In the examples you give trust is quite definitely provided by a third
party. In the case of cash the coins or notes have value only because
they are created by a third party which promises not to create too
much of it.
In the case of a credit card transaction there are few aspects of the
transaction which are not affected by the merchant agreement of
the card association involved.
>And, no one can
>replace the final decision of the merchant and me about the quantity of
>risk that we decide to assume in our business.
Note however that the parties concerned are 1) relying on data from
third parties and 2) making their own decisions about what degree of
trust to place on that data.
>I want to point out to the fact that we have negotiated (even for the
>simple action to buy a book) a relatively large number of "cross
>certifications" where the relation among the "certification
>authorities" are (even if they can exist) meaningless for our goals.
No, this is not a cross-certification in the sense being discussed.
In the first place it is a bilateral agreement which has been established
through the involvement of a third party. In the case of a card agreement
the card association is not only moving the money from point A to
point B it is also bearing certain aspects of liability. For this very
reason the card associations in general look to prevent the trust they
created being exploited outside the framework of their transactions.
Taking a credit card imprint to process in case a cheque bounces
is a definite no-no in most merchant agreements.

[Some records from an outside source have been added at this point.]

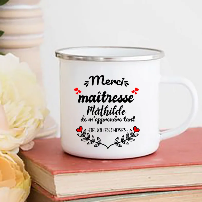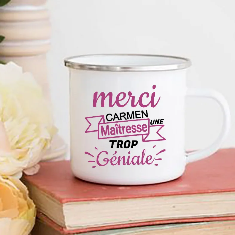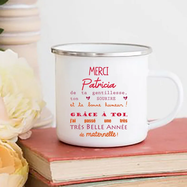 ------ Item Description ------ • Material: Enamel • Dimensions: height 3.14″ (8 cm), diameter 3.35″(8.5 cm) • White coating with a silver rim • Only print on ONE SIDE of the mug •Due to the rustic nature of mugs, you may see small imperfections such as dents, bubbles + other rustic features
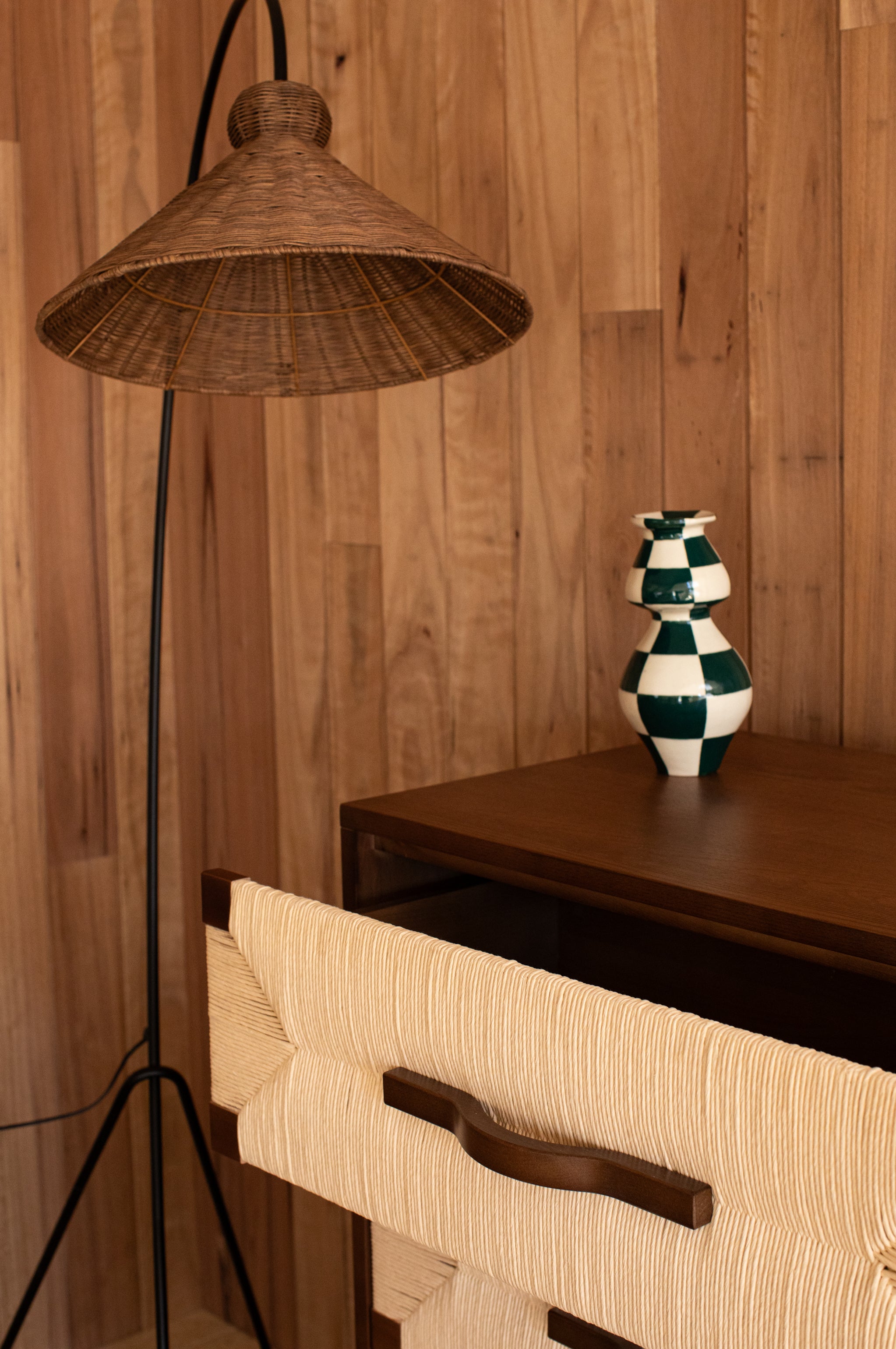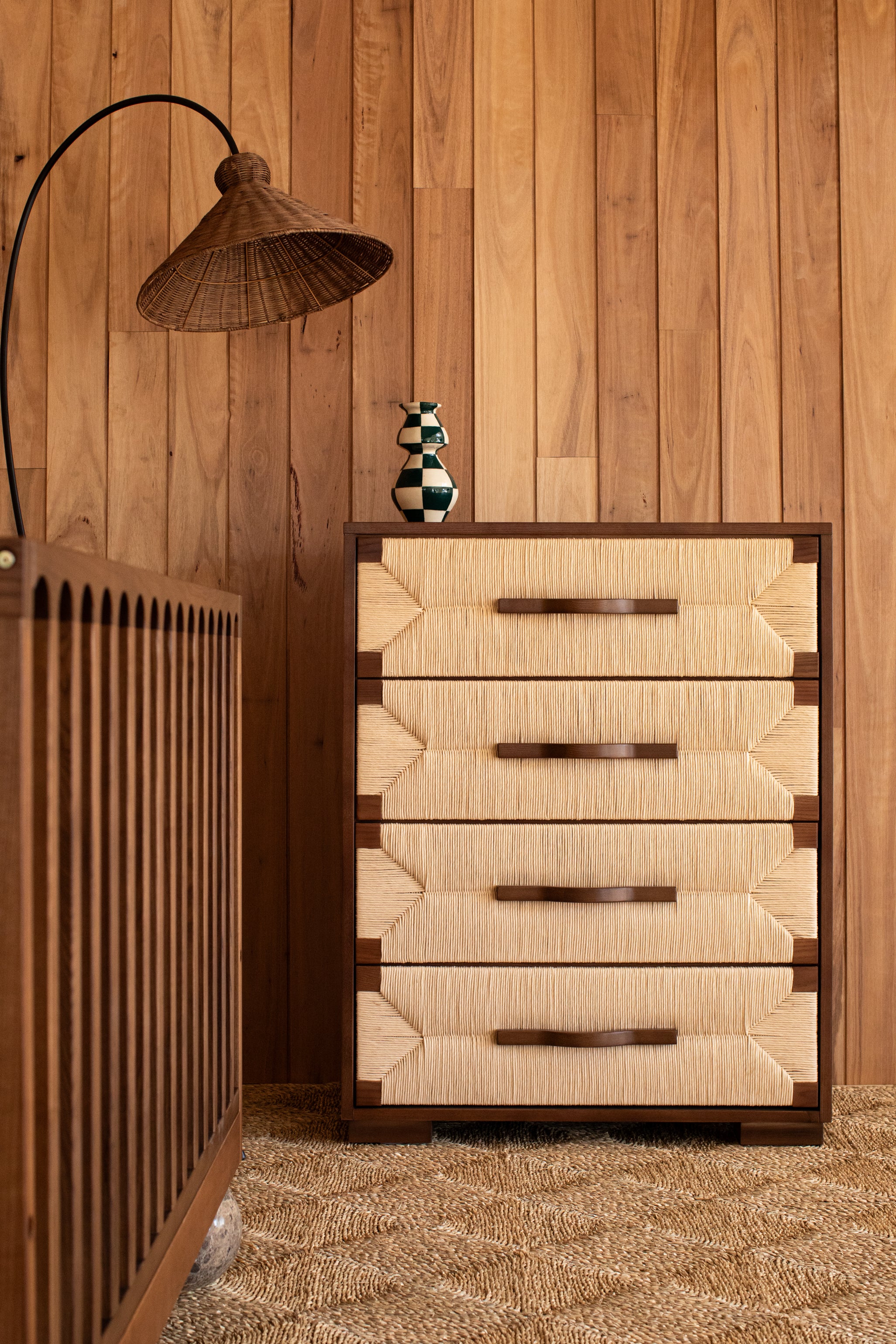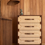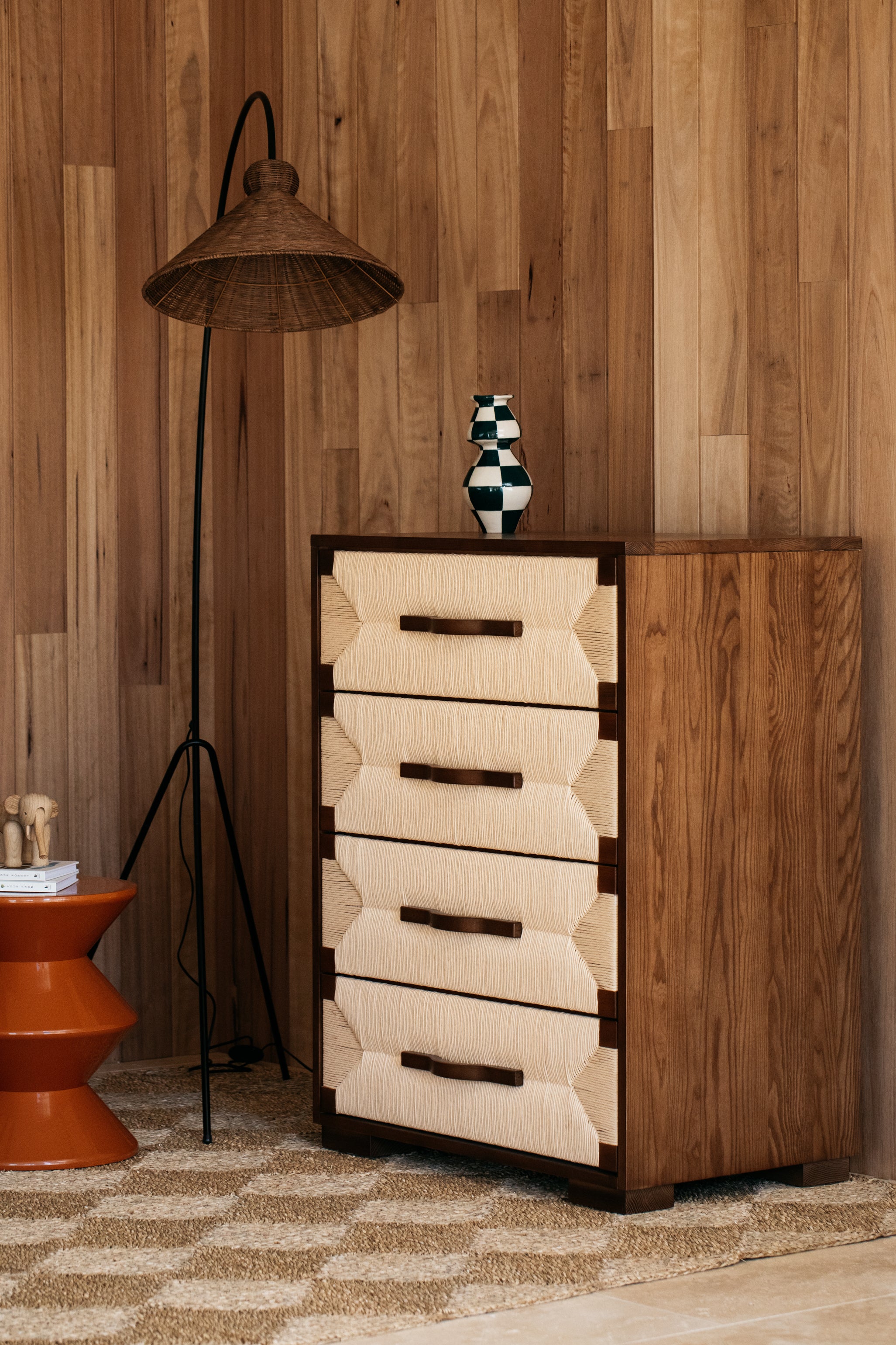 The 4-drawer Myla Ashwood Tallboy Buffet pairs statement style with functional organisation. Made from premium solid Ashwood with a Low VOC deep Walnut finish, this piece offers elegant detailing with a unique design, hand-crafted curved handles, natural-fibre weaving and deep, soft close drawers.
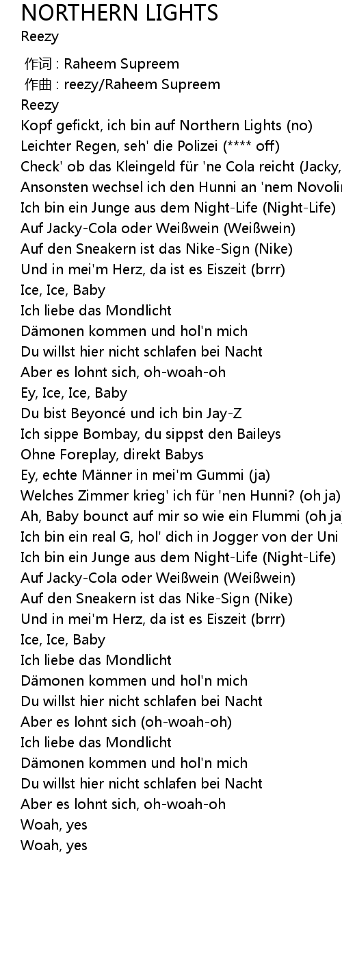 | [00:21.85] | Kopf gefickt, ich bin auf Northern Lights no |
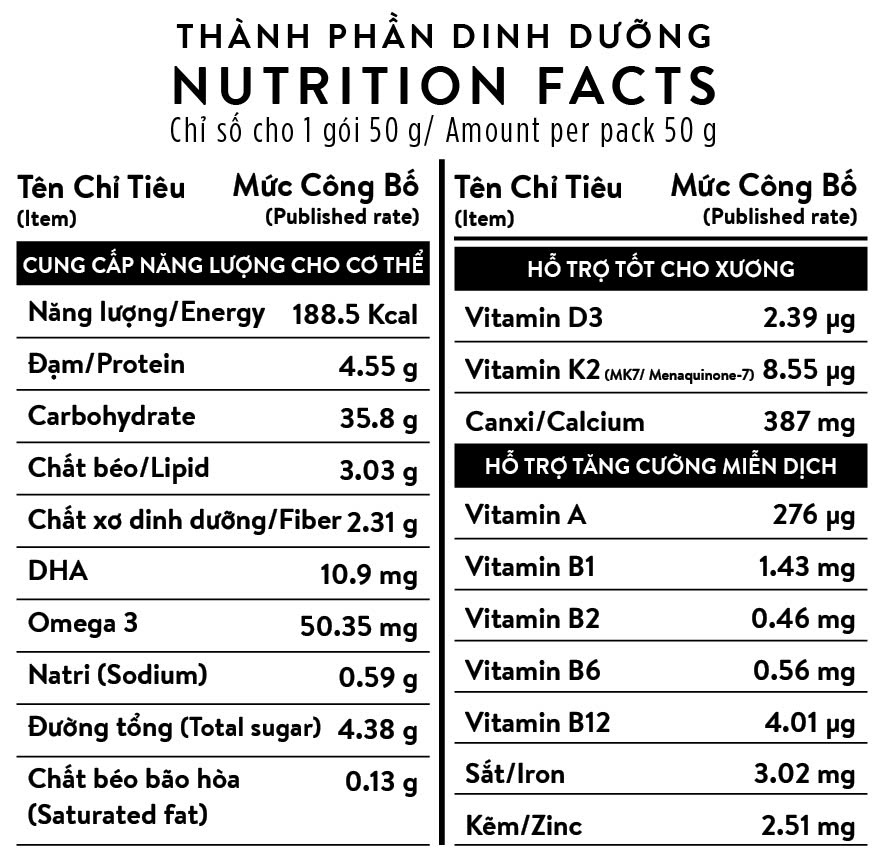- Gói gia vị dinh dưỡng: Bột sườn heo (2 g/50 g), muối I-ốt, đường, chiết xuất nấm men (0.8 g/50 g), bột thịt gà, bột hành, bột xì dầu, hành lá sấy, hỗn hợp các vitamin và khoáng chất (B1, B2, B6, B12, A, D3, K2, sắt, kẽm, canxi), chất xơ.
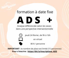 Cette journée de formation sur le thème de l'analyse différenciée selon les sexes et intersectionnelle, a été pensée et conçue pour des individu.es, groupes communautaires et de femmes, syndicats et institutions qui veulent poursuivre leur réflexion critique sur l'analyse différenciée selon les sexes et intersectionnelle, comme outil pour raffiner leur lecture des situations, des problématiques et des enjeux liés à l'égalité.

The closest example to cross certification in the strict bilateral
sense is the use of a check to purchase retail goods without some
form of check guarantee card as used in Europe. In most cases
a drivers license is asked for (i.e. a third party certificate), this
is then in most cases used to obtain an authorization from a
>I think that our best efford can go in a direction that can unify the
>protocols of the negotiations but I think that we cannot impose the
>methods .... in other words we cannot impose a trusted chain .... we must
>stop where others (the partecipants of the business) must decide...
Nobody is arguing that there will be a single monolithic CA (well almost
nobody, some in X.500 still dream). The question is whether there
will be tens, hundreds or millions involved in inter-domain certification
If there are millions of CAs performing interdomain trust negotiations
then a protocol is required. But note that the developers of such a
protocol still need to establish that it satisfies the social as well as the
technical constraints of the problem.
If there are hundreds of CAs then the question of standardizing protocol
is not critical. It is simply information to be exchanged. Rich Saltz and
myself can expect to meet at a large number of meetings concerning
the issue of inter-domain certification over the next year or so. Indeed
the SET root managed by CertCo can be expected to be issuing inter
domain trust credentials for the Visa root managed by VeriSign. The
process by which this is achieved being a 'key-ceremony' involving
lawyers, notary publics and a notorial video tape camera in an event
more familliar to the masonic lodge than the data center.
What I am arguing is that a decision by two parties to establish a joint
system of trust _to_be_used_by_third_parties_ is vastly more complex
than simply deploying some fancy technology.